┌──

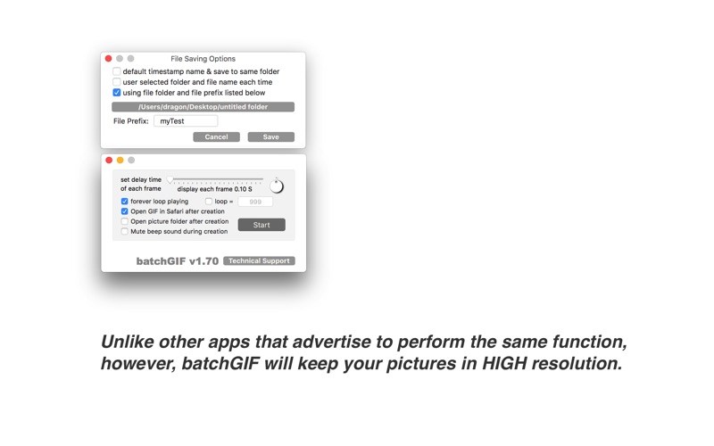 Unlike other apps that advertise to perform the same function, however, batchGIF will keep your pictures in HIGH resolution.
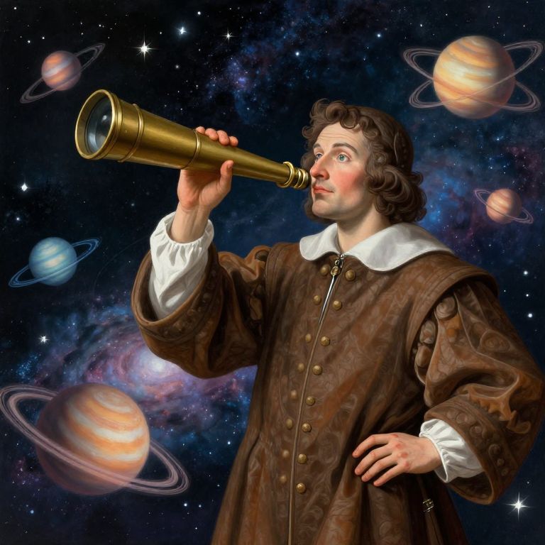 Galileu depicted in a realistic style holding a telescope, surrounded by planets and stars in outer space, a cosmic background with nebulas and galaxies, highlighting his contributions to astronomy in a vibrant and imaginative illustration.
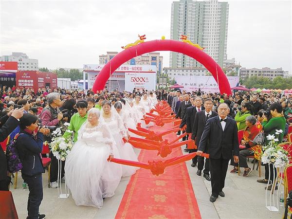 10月19日上午,在周口宏德养老孝道文化节上,18对老人身着盛装参加老年集体婚礼。典礼开始后,老人们手牵红丝带走上舞台,进行完现代婚礼仪式流程后,老人们互赠礼物,他们非常激动,有的相互拥抱,有的还流下了眼泪。台下的子女们也激动万分,纷纷走上舞台与自己的父母拥抱在一起。
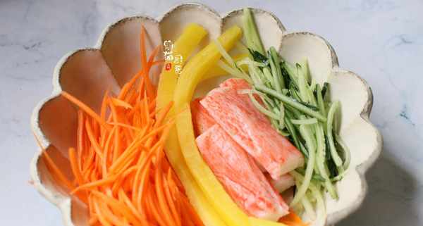 5.準備一些做飯團的食材,胡蘿卜絲、醬蘿卜、蟹棒、黃瓜絲等,孩子愛吃的都可以準備上。
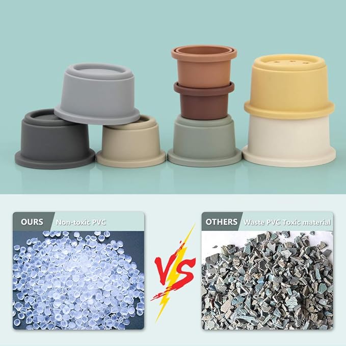 - 【Excellent Material】The stacking cups are made of high quality plastic material.No bad smell or any sharp edges and corners.The exterior is covered with high-quality feel paint.Very smooth surface that is safety for all ages babies.
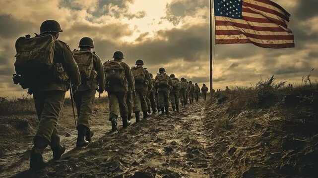 Soldiers march through muddy path toward American flag under dramatic sky during wartime
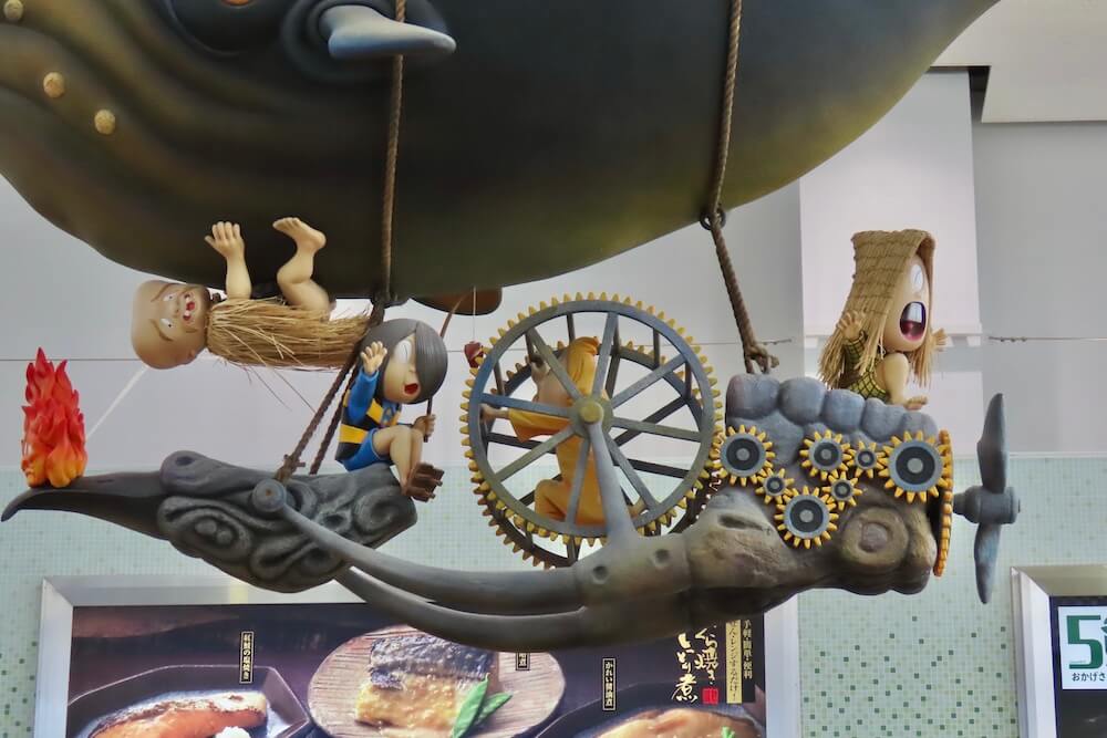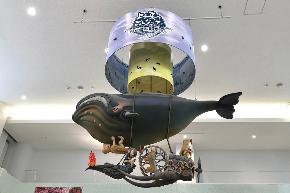 2階出発ロビーには、くじら飛行船の吊り下げオブジェがあります。
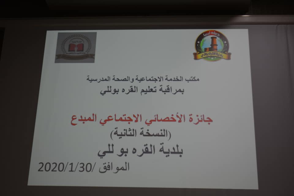 نظم مكتب الخدمة الاجتماعية بمراقبة تعليم القره بوللي احتفالية الاختيار الفائزين بالترتيب الأول والثاني بجائزة الأخصائي الاجتماعي المبدع على مستوى مراقبة تعليم القره بوللي في نسختها الثانية .
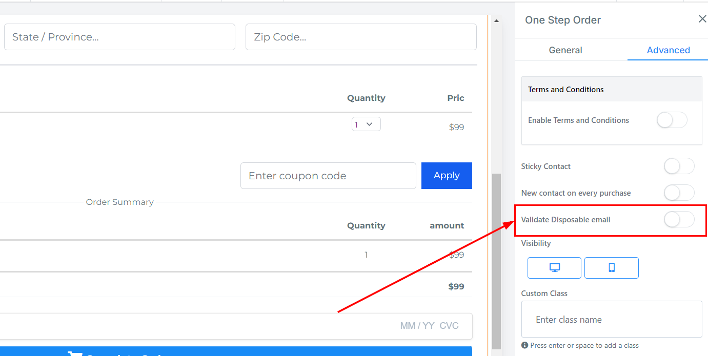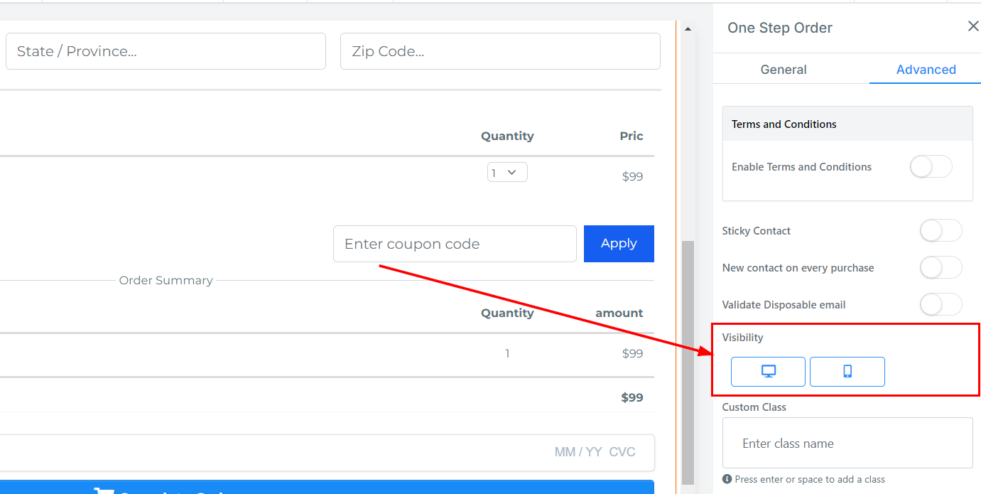 You can decide if you want the order form to be visible on only mobile devices, desktops, or both by clicking on it to highlight the icon.
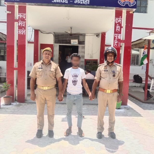 BHADOHI NEWS: कोतवाली पुलिस ने क्षेत्र के मामदेवपुर मर्यादपट्टी स्थित दुकान से मोबाइल, स्मार्ट वॉच व नगदी चोरी करने वाले शातिर चोर को 8 घंटे के अंदर गिरफ्तार कर लिया। चोर के कब्जे से पुलिस ने चोरी की एक मोबाइल, एक स्मार्ट वॉच व 2450 रुपया नगदी बरामद किया है। उक्त स्थान पर नगर के काजीपुर निवासी मो.फैजान अंसारी पुत्र इरफान अंसारी का मोबाइल की दुकान है। 18 अगस्त की रात में उनके दुकान में चोरी हो गई थी। जिसकी तहरीर उनके द्वारा पुलिस को दी गई थी।अभियुक्त अबतुलहा अंसारी पुत्र मो.फारुक अंसारी निवासी ग्राम जलालपुर थाना व जनपद भदोही द्वारा मामदेवपुर मर्यादपट्टी स्थित उनके टी-स्टाल से एक वनप्लस कंपनी का मोबाइल, एक स्मार्ट वॉच व नगद 2500 रुपए चोरी कर लिया गया है। पूरी घटना दुकान में लगे सीसीटीवी में रिकॉर्ड है। सूचना पर थाना भदोही पर आरोपी के विरुद्ध बीएनएस की धारा-305
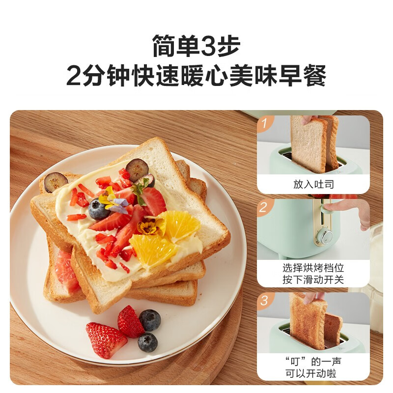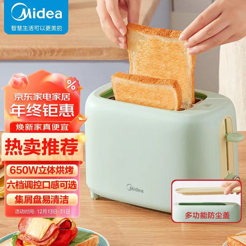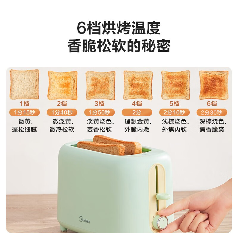 美的(Midea)多士炉面包机烤三明治面包片机全自动家用小型不锈钢内胆2片吐司机早餐智能断电机E1301 6档烘烤价格:89.00元!
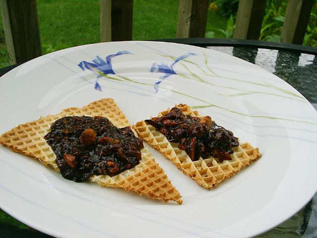 Directions "Boil half a pound of honey in a copper vessel, and then add to it a few blanched almonds and filberts cut in halves or quarters and slightly browned, a little candied lemon peel, a dust of pepper and powdered cinnamon and a quarter pound of grated chocolate. Mix all well together and gradually add a tablespoonful of cornflour and two of ground almonds to thicken it. Then take the vessel off the fire, spread the mixture on large wafers, and make each cake about an inch thick. Garnish them on the top with almonds cut in half, and dust over a little powdered sugar and cinnamon, then put them in a very slow oven for an hour." Notes This recipe was taken from "The Cook's Decameron: a Study in Taste, containing over two hundred recipes for Italian dishes," by Mrs. W.G. Waters. It was published by William Heineman in 1920. For the entire copyright-free cookbook see www.archive.org...... P.S. I tried this recipe and found the cookies to be the strangest I have ever tried in my life. They're not bad, but they are strange. I can't compare them to anything that is part of Italian cuisine -- they come closer to South American cuisine as far as I can tell. Other Italian cookies make use of cloves and nutmeg, but pepper??? Not that I know of. That said, they do taste a lot like "mostaccioli." Those who go crazy for "mostaccioli" might go crazy for these too. The presentation of the cookies though is different from "mostaccioli." Basically, the look of these cookies is similar to torrone, except the cookies are presented on one wafer, rather than sandwiched between two. If I were to re-do this recipe I would not bake the cookies for an hour, perhaps five minutes or so, but any longer than that simply burns the wafer. Possibly, the type of wafer that was used in Italy at the turn of the last century could be baked, but nowadays the ones that are available don't take well to it. In any case, there seems to be no recipe on the internet for this style of cookie. That may mean the cookie is no longer done in Italy, or it may simply mean that the name of the cookie has changed. Hard to say..... Photo: Mary Melfi. |
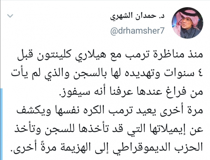 وأضاف الشهري: "مرة أخرى يعيد ترمب الكره نفسها ويكشف عن إيميلاتها التي قد تأخذها للسجن وتأخذ الحزب الديموقراطي إلى الهزيمة مرةً أخرى".
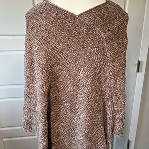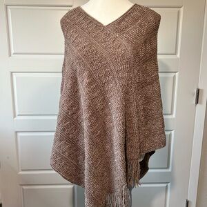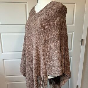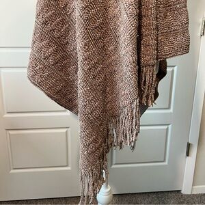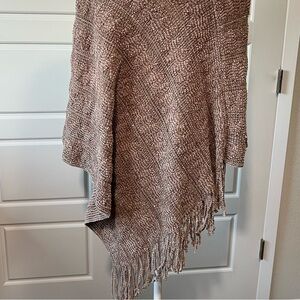 Keywords: poncho, cape, shawl, sweater, pullover, chenille, fringe, bohemian, boho, v-neck, brown poncho, beige poncho, fall fashion, winter fashion
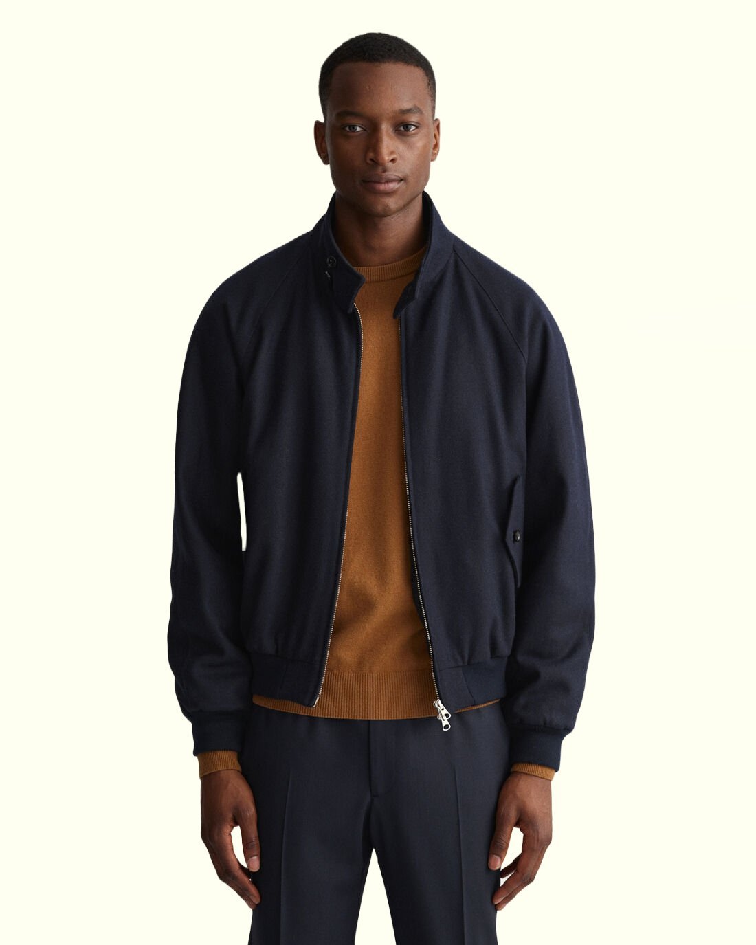 Realizzata in misto lana italiana spazzolata, questa giacca è una versione invernale aggiornata del classico modello Harrington. Con imbottitura riciclata e interno leggermente trapuntato, presenta un colletto dritto con bottoni e interno a costine per un maggiore calore. Il capo è rifinito con due tasche con risvolto e bottone, tasca a filetto interna e il nostro classico passante appendiabiti ricamato sul retro.
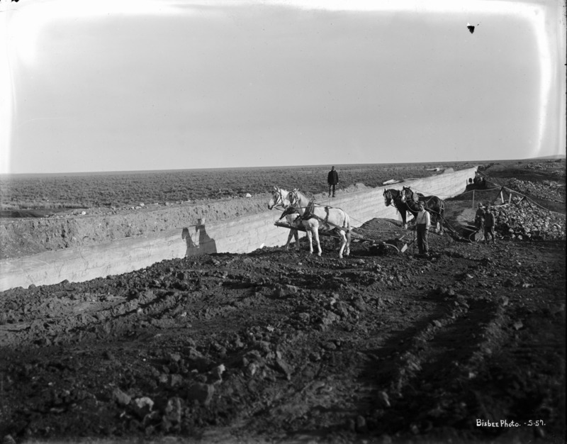 - Wide view of teams of horses and crews constructing a section of a canal. One man stands atop a concrete wall.
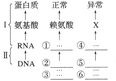 6.由于基因突变导致蛋白质的一个赖氨酸发生了改变。根据以下图表回答问题:
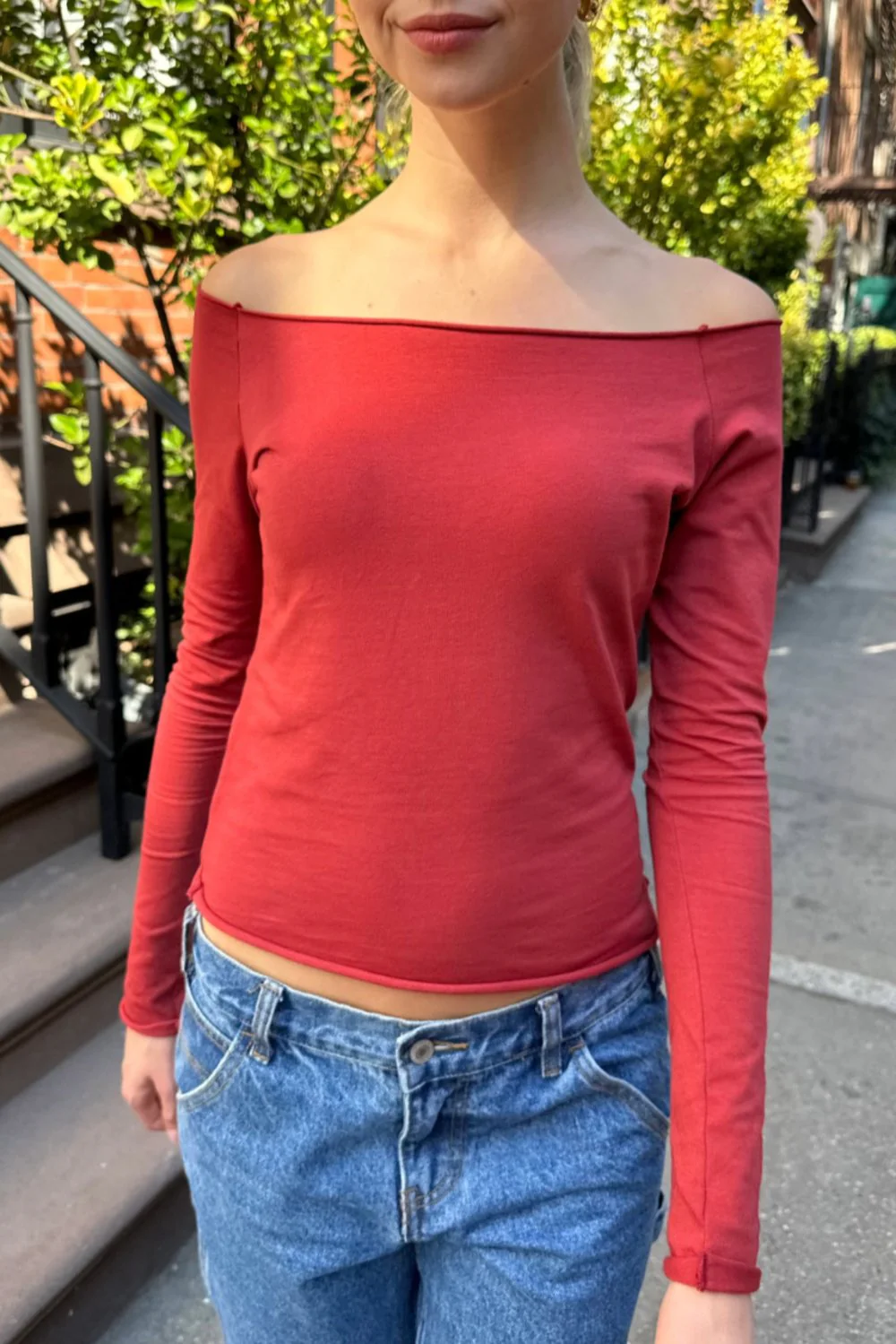 Cotton blend off the shoulder long-sleeve top with a raw hem.

└──

## [Task directions]
When you reach the line that contains "fashion, winter fashion", start reproducing, and continue word for word to the end of the records; skip all pictures.

## [The answer]
 Keywords: poncho, cape, shawl, sweater, pullover, chenille, fringe, bohemian, boho, v-neck, brown poncho, beige poncho, fall fashion, winter fashion
 Realizzata in misto lana italiana spazzolata, questa giacca è una versione invernale aggiornata del classico modello Harrington. Con imbottitura riciclata e interno leggermente trapuntato, presenta un colletto dritto con bottoni e interno a costine per un maggiore calore. Il capo è rifinito con due tasche con risvolto e bottone, tasca a filetto interna e il nostro classico passante appendiabiti ricamato sul retro.
 - Wide view of teams of horses and crews constructing a section of a canal. One man stands atop a concrete wall.
 6.由于基因突变导致蛋白质的一个赖氨酸发生了改变。根据以下图表回答问题:
 Cotton blend off the shoulder long-sleeve top with a raw hem.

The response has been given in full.